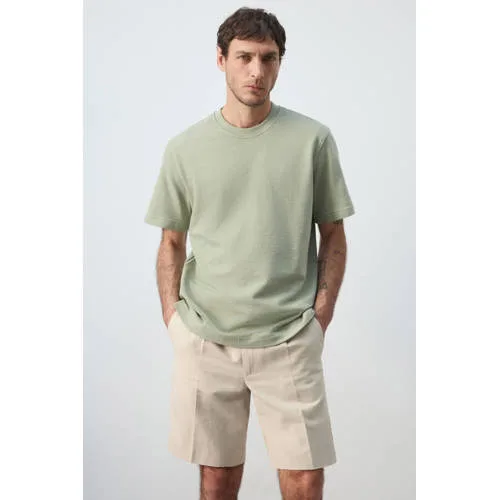 Zet een rustige, moderne basis in je garderobe met dit groen katoenen heren T-shirt van Mango Man. De egale kleur en de regular fit maken het een makkelijk te combineren item voor elke dag. De korte mouwen en de ronde hals geven een tijdloze uitstraling, terwijl de rechte zoom zorgt voor een nette, ontspannen look.Details die je elke dag draagt Gemaakt van 100% katoen, voor een zachte touch op de huid Regular fit, valt comfortabel zonder te wijd of strak te zitten Ronde hals voor een klassieke, veelzijdige uitstraling Korte mouw, ideaal voor onder een trui, overhemd of solo in de zomer Effen groene kleur, makkelijk te combineren met jeans, chino of short Rechte zoom voor een verzorgde look, zowel in als over de broek gedragen Geen borstzak of sluiting, voor een rustige en minimalistische stijlAltijd raak met Mango ManMango Man staat bekend om moderne kleding die goed in het dagelijks leven past. De focus ligt op heldere lijnen, fijne materialen en draagbare kleuren, zodat je garderobe overzichtelijk en stijlvol blijft. Dit T-shirt sluit daar naadloos op aan en vormt een betrouwbare basic waar je lang plezier van hebt.Een fijne, groene basic die je moeiteloos meeneemt in al je dagelijkse combinaties.
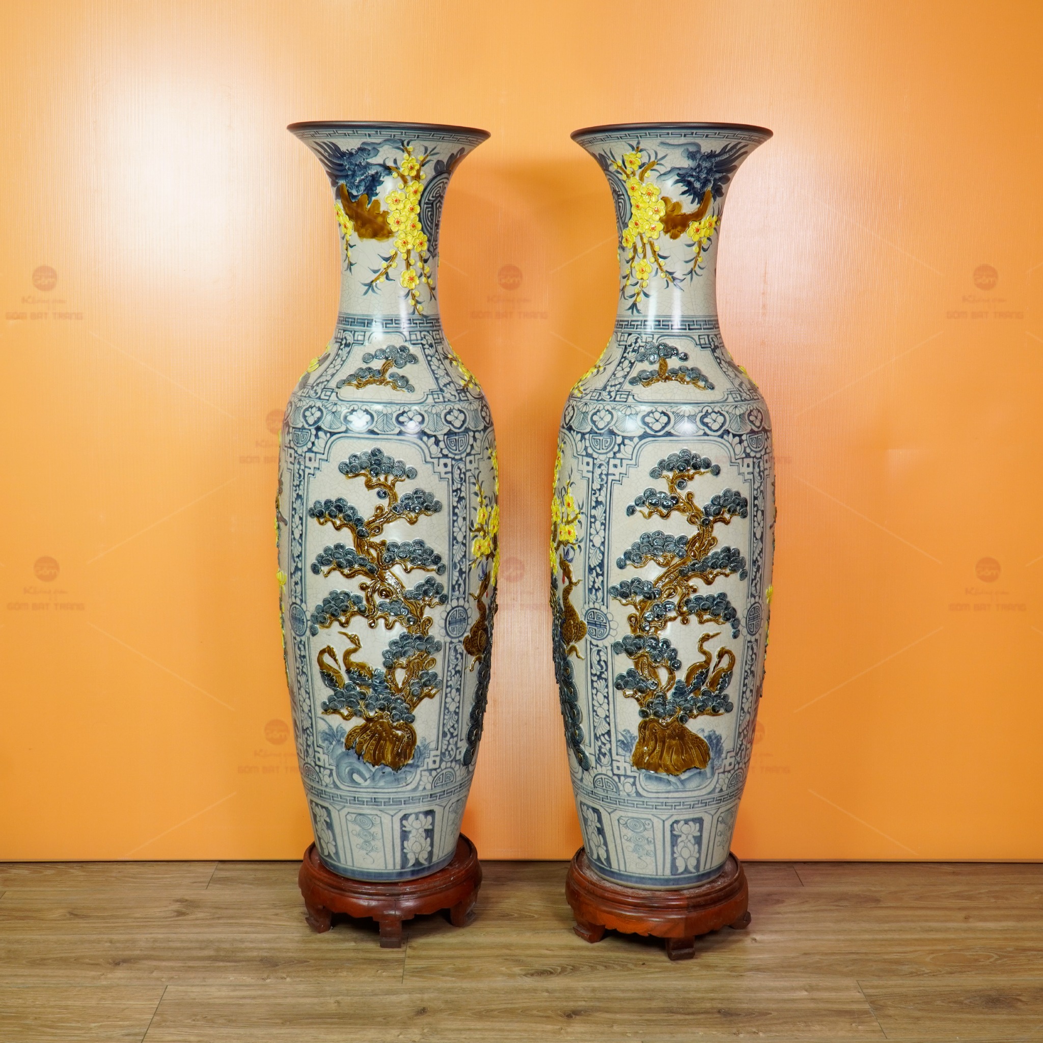 Địa chỉ mua Lộc Bình 1M4 Men Rạn Họa Tiết Tứ Cảnh Hoa Vàng Đắp Nổi
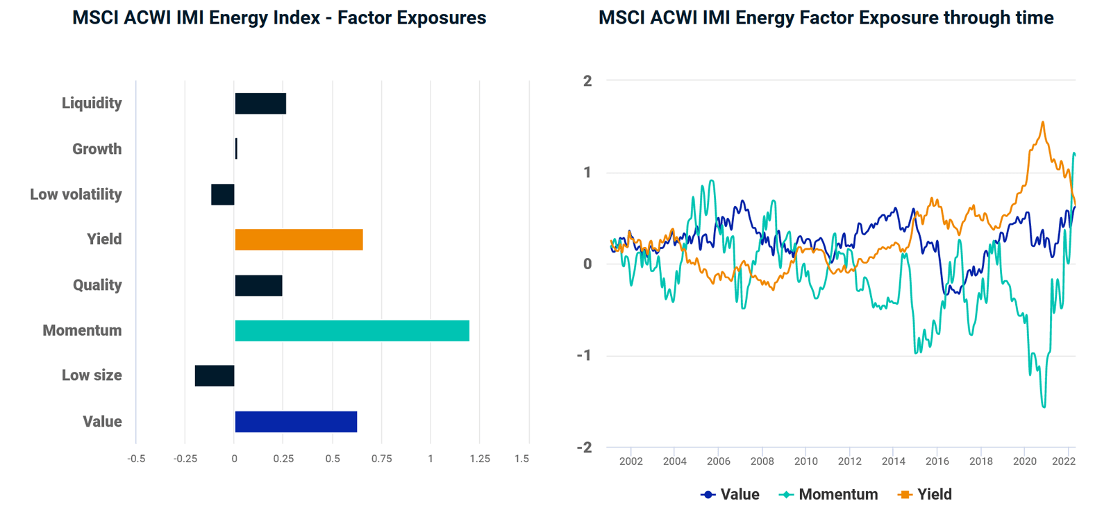 Energy, as represented by the MSCI ACWI IMI Energy Index, has been the best-performing sector in the year to date (+21.2% vs. the MSCI ACWI IMI Index's -12.9%).1 The most recent FaCS snapshot of the index shows strong exposure to the momentum, yield and value factors. Although the war in Ukraine had a significant impact on the supply and price of oil, the energy sector had started to recover from the impact of 2020's COVID-19-related lockdowns by early 2021, as illustrated by the upward trend for momentum exposure shown in the second chart below.

• • •

* [ACTIVITY] Copy the listing character for character, pictures omitted.

* [EXERCISE ANSWER]
 Zet een rustige, moderne basis in je garderobe met dit groen katoenen heren T-shirt van Mango Man. De egale kleur en de regular fit maken het een makkelijk te combineren item voor elke dag. De korte mouwen en de ronde hals geven een tijdloze uitstraling, terwijl de rechte zoom zorgt voor een nette, ontspannen look.Details die je elke dag draagt Gemaakt van 100% katoen, voor een zachte touch op de huid Regular fit, valt comfortabel zonder te wijd of strak te zitten Ronde hals voor een klassieke, veelzijdige uitstraling Korte mouw, ideaal voor onder een trui, overhemd of solo in de zomer Effen groene kleur, makkelijk te combineren met jeans, chino of short Rechte zoom voor een verzorgde look, zowel in als over de broek gedragen Geen borstzak of sluiting, voor een rustige en minimalistische stijlAltijd raak met Mango ManMango Man staat bekend om moderne kleding die goed in het dagelijks leven past. De focus ligt op heldere lijnen, fijne materialen en draagbare kleuren, zodat je garderobe overzichtelijk en stijlvol blijft. Dit T-shirt sluit daar naadloos op aan en vormt een betrouwbare basic waar je lang plezier van hebt.Een fijne, groene basic die je moeiteloos meeneemt in al je dagelijkse combinaties.
 Địa chỉ mua Lộc Bình 1M4 Men Rạn Họa Tiết Tứ Cảnh Hoa Vàng Đắp Nổi
 Energy, as represented by the MSCI ACWI IMI Energy Index, has been the best-performing sector in the year to date (+21.2% vs. the MSCI ACWI IMI Index's -12.9%).1 The most recent FaCS snapshot of the index shows strong exposure to the momentum, yield and value factors. Although the war in Ukraine had a significant impact on the supply and price of oil, the energy sector had started to recover from the impact of 2020's COVID-19-related lockdowns by early 2021, as illustrated by the upward trend for momentum exposure shown in the second chart below.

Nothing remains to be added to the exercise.